Find the roadmap to the heart of the conflict

The Conflict Paradox is a guide to taking conflict to a more productive place. Written by one of the founders of the professional conflict management field and co-published with the American Bar Association, this book outlines seven major dilemmas that conflict practitioners face every day. Readers will find expert guidance toward getting to the heart of the conflict and will be challenged to adopt a new way to think about the choices disputants face,. They will also be offered practical tools and techniques for more successful intervention. Using stories, experiences, and reflective exercises to bring these concepts to life, the author provides actionable advice for overcoming roadblocks to effective conflict work.

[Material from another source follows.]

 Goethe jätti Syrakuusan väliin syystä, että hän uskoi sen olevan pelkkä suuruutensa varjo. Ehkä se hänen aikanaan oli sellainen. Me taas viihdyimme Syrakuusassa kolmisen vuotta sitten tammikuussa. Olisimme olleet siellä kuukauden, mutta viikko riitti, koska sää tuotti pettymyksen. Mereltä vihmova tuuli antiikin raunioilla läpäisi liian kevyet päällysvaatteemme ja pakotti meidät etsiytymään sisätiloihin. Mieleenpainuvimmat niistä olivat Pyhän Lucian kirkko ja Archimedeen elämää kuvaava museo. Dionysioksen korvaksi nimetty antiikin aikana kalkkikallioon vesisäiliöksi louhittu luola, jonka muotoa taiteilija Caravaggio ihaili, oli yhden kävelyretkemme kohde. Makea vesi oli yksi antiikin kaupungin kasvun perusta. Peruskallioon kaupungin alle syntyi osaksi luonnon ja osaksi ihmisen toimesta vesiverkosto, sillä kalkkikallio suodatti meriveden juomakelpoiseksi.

Disputants and interveners alike are often stymied by what appear to be unacceptable alternatives,. The Conflict Paradox offers a new way of understanding and working with these so that they become not obstacles but opportunities for helping people move through conflict successfully..

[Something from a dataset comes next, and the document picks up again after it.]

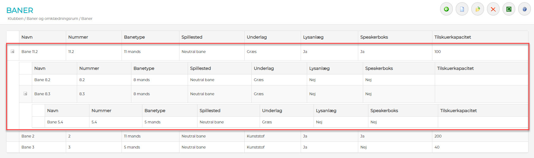 I eksemplet herunder er der en 11-mands hovedbane (Bane 11.2) som indeholder 2 stk 8-mands underbaner (Bane 8.2 og Bane 8.3).

  • Examine the contradictions at the center of almost all conflicts
  • Learn how to bring competition and cooperation, avoidance and engagement, optimism and realism together to make for more power conflict intervention
  • Deal effectively with the tensions between emotions, and logic, principles and compromise, neutrality and advocacy, community and autonomy
  • Discover the tools and techniques that make conflicts less of a hurdle to overcome and more of an opportunity to pursue

Conflict is everywhere, and conflict intervention skills are valuable far beyond the professional and legal realms. With insight and creativity, solutions are almost always possible. For conflict interveners and disputants looking for an effective and creative approach to understanding and working with conflict, The Conflict Paradox provides a powerful and important roadmap for conflict intervention.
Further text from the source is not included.